I clenched my hands in my lap. My mother glanced at me, her dark eyes calm but knowing. My father, ever the Beta, smiled with pride but also expectation.
And then someone—one of the elders, emboldened by wine—called out from the crowd: “To Kier and Sable! May the moon bless their bond!”
The hall erupted. Cheers, whistles, laughter. Goblets raised high.
I froze.
Kier’s hand brushed mine under the table, a small anchor in the storm. But the weight of the moment was too much. The noise pressed against my skull, the inevitability of it all closing in like iron bars.
“I—excuse me,” I muttered, shoving back my chair. The hall fell quiet in waves as I strode out, the heavy doors slamming shut behind me.
Cold air hit my face, sharp with pine and river mist. I braced my hands on the railing of the steps, trying to breathe past the ache in my chest.
The doors creaked open behind me. Kier’s footsteps followed, slow but sure.
“They didn’t mean to hurt you,” he said softly.
“They don’t have to mean it,” I snapped, turning on him. “Don’t you see? It doesn’t matter what I want. It doesn’t matter what you want. They’ve already decided for us. My life isn’t mine anymore—it’s theirs. Theirs and the moon’s.”
Kier’s jaw tightened. “Then let’s prove them wrong.”
I blinked at him. “What?”
“Let’s not give them what they expect,” he said, his voice steady with something I hadn’t heard before—defiance. “If the mate bond comes, it comes. If it doesn’t, then we make our own path. Together or apart, it’s ours. Not theirs.”
I wrapped my arms around myself, suddenly cold. “Everyone talks about it like it’s this miracle. This… destiny. But to me, it feels like a chain.”
Kier’s jaw flexed, but he didn’t interrupt, so I pressed on. “What if I don’t want my life decided by some cosmic pull? What if I want to choose who I love? When I love? Or if I love at all?”
Silence stretched, long and heavy. My heart pounded, bracing for his judgment.
But when he finally spoke, his voice was low, thoughtful. “You think the bond takes away choice.”
“I know it does,” I snapped, heat rising in my chest. “Look at the women in our pack—half of them had their lives rewritten overnight when the bond snapped into place.

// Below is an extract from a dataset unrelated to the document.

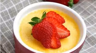 10、將混合物倒入模具中九分滿,烤盤中注入2厘米高的熱水,放入模具,一起放入175度預熱的烤箱中,烤約35分鐘,取出放上切片的草莓即可

Their dreams, their choices, gone. Just because the moon said so.”
Kier studied me, unreadable. Then he stepped closer, close enough that I could feel the warmth radiating from him, close enough my wolf perked, straining toward him.
“What if the bond isn’t a chain?” he asked softly. “What if it’s a gift? A way of finding the one person who sees you for everything you are, even the parts you hide?”
His words cut through me, sharp and terrifying. My chest tightened, my wolf whining at the possibility he painted.
I forced myself to shake my head, to step back. “Or maybe it’s just another way to cage us. Another way to control women, dress it up as fate and call it sacred.”
For a long moment, he didn’t answer. He just looked at me, eyes stormy, searching, like he wanted to say something but didn’t trust himself to let it out.
Finally, he exhaled, running a hand through his dark hair. “You always have to fight, don’t you?”
“Someone has to.” My voice was firm, but my hands shook.
He chuckled softly, shaking his head, but there was no humor in it. “I hope, when your mate finds you, they're strong enough to keep up with you.”
The words lingered in the air like smoke, burning in my chest.
I didn’t tell him the truth—that my biggest fear wasn’t that the my mate couldn’t keep up with me.
It was that they would.
And I’d never be free again.
His words sank into me like stones into water, rippling out until my breath came slower, steadier.
But deep down, the truth still burned: three months stood between me and fate. Three months until the moon goddess revealed her choice. And no matter what Kier said, I wasn’t sure I could stay long enough to see if freedom was really possible inside these walls.